The argument that Kerry's balance sheet shows a plus against most counties in Croke Park may be true but, nonetheless, they have lost to Donegal, Dublin, Down, Tyrone (three times), Armagh and Meath in Croke Park over the last 12 years.

Cork, in contrast, have lost six and drawn one of seven clashes with Kerry in Croker in 11 years, hinting at an insecurity which is not compatible with the highest achievers.

Also, there's the interesting saga of Cork's triple Division 1 league successes in 2010, '11 and '12. Yes, it shows how impressive they were in the spring campaigns, but on only one occasion did they follow up with an All-Ireland win. It's scarcely the tale of a highly rated squad reaching the peak of its capability range.

No says Donnchadh Boyle

The argument against Cork is as obvious as it is hollow. On the other side of this page, the point that they haven't beaten Kerry in Croke Park will undoubtedly be made, but that's simply the wrong context in which to judge this Cork team – or any side for that matter.

By the same logic, the Kerry team that have failed to beat Tyrone in three titanic tussles in the last decade are also failures. And bear in mind, that's the same Kerry team that contested six All-Ireland finals in a row from 2004-09 and have won four Sam Maguires in 10 years.

In fact, Cork are slightly different from Kerry in that they managed to slay their big rivals on a few occasions in Munster. Kerry had to wait until the qualifiers last year to topple an ageing Tyrone, but no one is dismissing Kerry simply on the basis of their record against the Red Hands, and rightly so.

So judged on their own merits, Cork have achieved quite a lot. Three Division 1 league titles in a row (preceded by the Division 2 title in 2009), a handful of Munster crowns and an All-Ireland title is a decent return for a team who have 'underachieved'.


That 2010 All-Ireland was the prize for their consistency as much as it was for their performances that year. Cork kept putting themselves in the mix, and eventually got their rewards.

This generation of Cork players were unfortunate to be around at the same time as those Tyrone and Kerry sides. It's unlikely even the most ardent Rebel would claim that Cork boasted a panel of similar skill and depth to those two. Those two were out on their own in terms of quality, but Cork are next on the list.
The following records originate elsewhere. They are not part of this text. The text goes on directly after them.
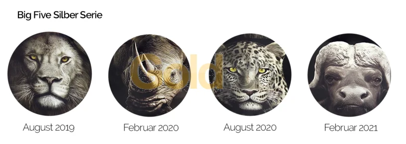 Die „Big Five“-Serie aus dem Hause der „South African Mint“ erschien mit ihrem ersten Motiv, dem Elefanten, Anfang des Jahres 2019. Weitere vier Motive aus der südafrikanischen Tierwelt ergänzen die Serie halbjährlich. Darunter der Löwe, das Nashorn, der Leopard und der Büffel.
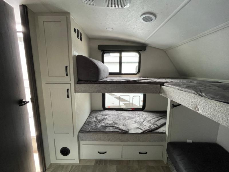 A front bunkhouse model with a private full bath, how nice! The children will love bringing along their friends with this spacious Chaparral fifth wheel. It even has a loft for added space or storage. The front bunk room features a cube sofa with a 30" x 62" bunk overhead, and 30" x 74" bunks off to the side. The full bath is located within the bunkhouse space and features a tub/shower, toilet and sink. There is also wardrobe space for clothing. Down on the main level, the combined kitchen and living area features one large slide including a theater seat and free spanning table for four. A nice center island features a sink so you can visit while prepping dinner or doing the dishes. There is also a tri-fold sofa in this space for seating and added sleeping. The rear features a master bedroom and second full bath including a king bed slide out! The full rear bath includes a vanity with two sinks, a toilet and a large shower with seat. The loft is above the rear master bedroom area and could sleep one more, or be used for added storage!
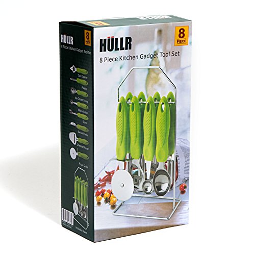 -. Feature : HULLR 9-Piece Stainless Steel Kitchen Gadget Tool Set Includes: Pizza Cutter, Can Opener, Peeler, Ice Cream Scoop, Melon Baller, Corer, Swivel Peeler, Cheese Shaver & Metal Stand / Ergonomic Handles For Comfortable Use / All Gadgets Store Safely In Metal Stand For Space Efficient Storage / HULLR Premium German Design & Innovation
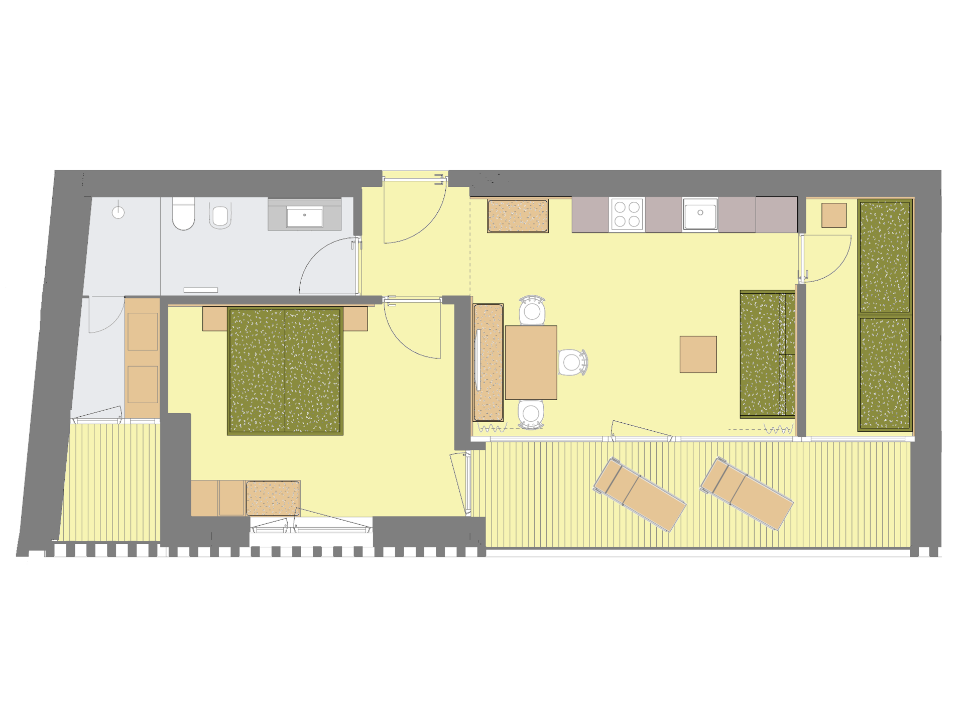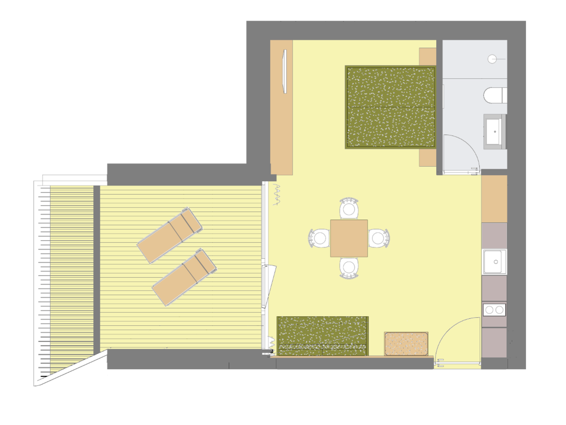 40 m² Wohnfläche + 16 m² Dachterrasse
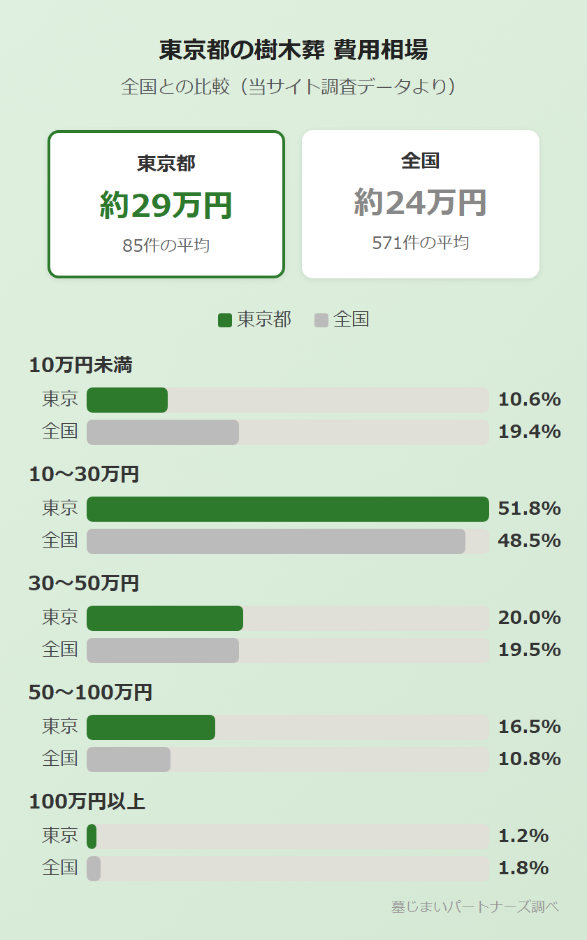 当サイトの調査データでは、東京都の樹木葬の平均費用は約29万円で、全国平均の約24万円を上回る傾向にあります。中央値は20万円。
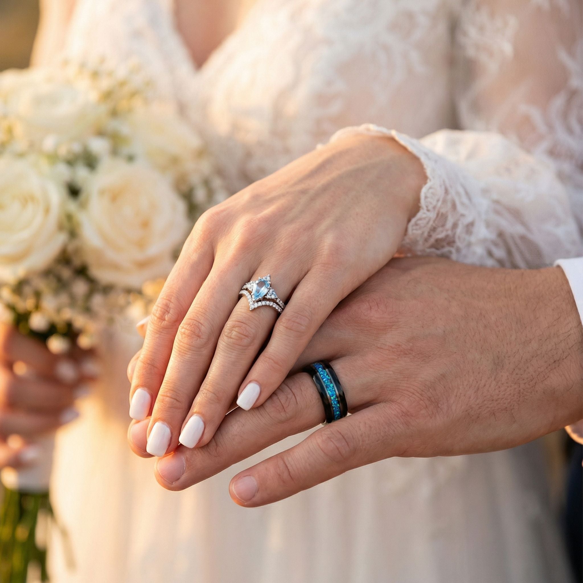 A wedding band set are for matching couples who want a more durable, everyday option. With no raised stones, there’s less risk of snagging or stones coming loose - great for hands-on jobs like restaurant work, healthcare, trades, and gym life. They’re also typically more comfortable for daily wear and easy to maintain.
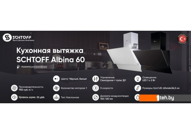 Фотографии, описание и технические характеристики модели вытяжки Schtoff Albina 60 (серый) взяты из открытых источников, официального сайта производителя или представительства Schtoff в Республике Беларусь.
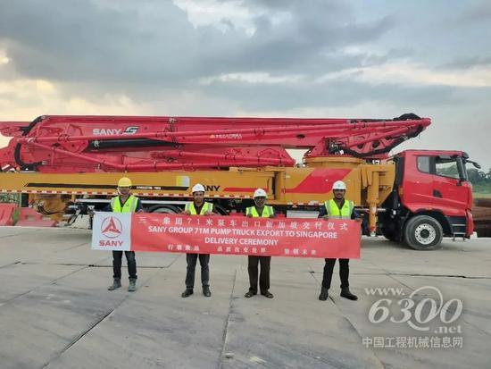 近日,首臺出口海外的三一重工S系列71米泵車在新加坡成功交付,創(chuàng)下國內(nèi)出口新加坡最長臂架泵車紀(jì)錄!
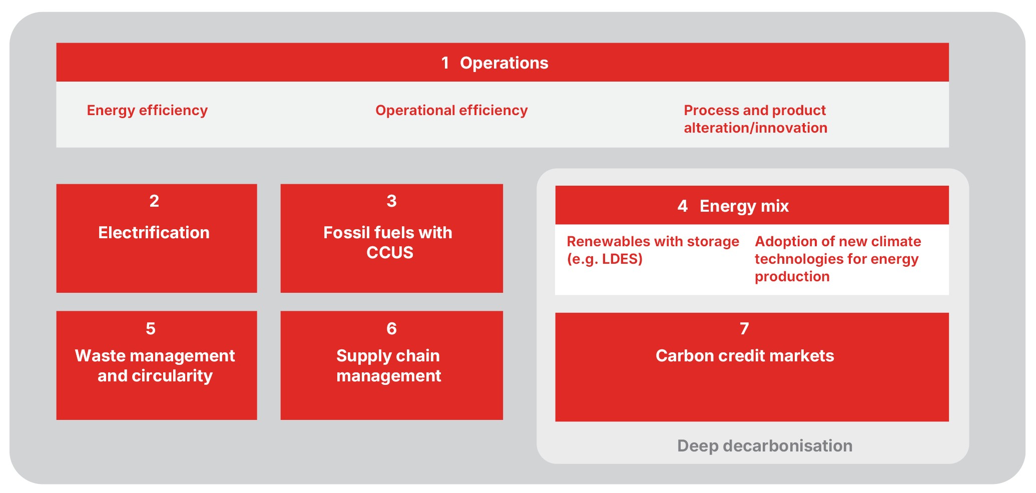 Decarbonisation across sectors is not uniform. Roundtable discussions and interviews with experts and platforms, representing the oil and gas, steel, cement, aviation, data-centre, and building industries, reveal a portfolio of strategies, deployed at different speeds depending on technological maturity, cost, and sector-specific constraints. These exchanges reveal seven strategic focus areas: Operations (e.g. operational and energy efficiency, process alteration/innovation), electrification, fossil fuels with CCUS, evolving energy mixes, waste management and circularity, supply chain management, and carbon market mechanisms (Figure 1).
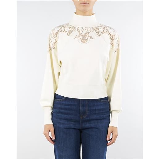 TWIN SET maglia panna-nero in misto mohair con pizzo
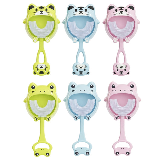 S8 2pcs Children Cartoon Animal Manual U-shaped Silicone Toothbrush for 2-12 Years Old(Blue Frog)
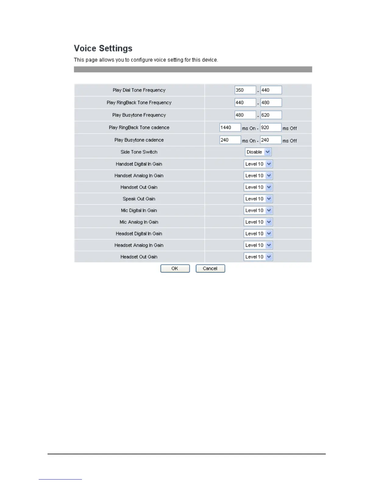 Handset Out Gain: Set the volume sent out from the handset from Level 1-20. Default is

At various stages, arguments could be made that either Kerry or Tyrone were the best team in the country but at no stage were Cork talked of as the No 1 seeds. That they managed to steal in for an All-Ireland title was a considerable achievement in itself.

Their record in championship football tells a story of remarkable consistency. Since 2006, they have been in three All-Ireland finals, and in the same period they only failed to make the last four in 2011.

Even allowing for the lop-sided nature of the Munster Championship, that's some record.

Within the county too, their ability to compete at the top level has been recognised, with some of the better hurlers in the county throwing their lot in with Conor Counihan's footballers. In a county where people march to support their hurlers, that's no mean feat.

Judged on their own merits, and not by comparison to their neighbours who have enjoyed a golden era even by their own lofty standards, Cork have – at the very least – done themselves justice.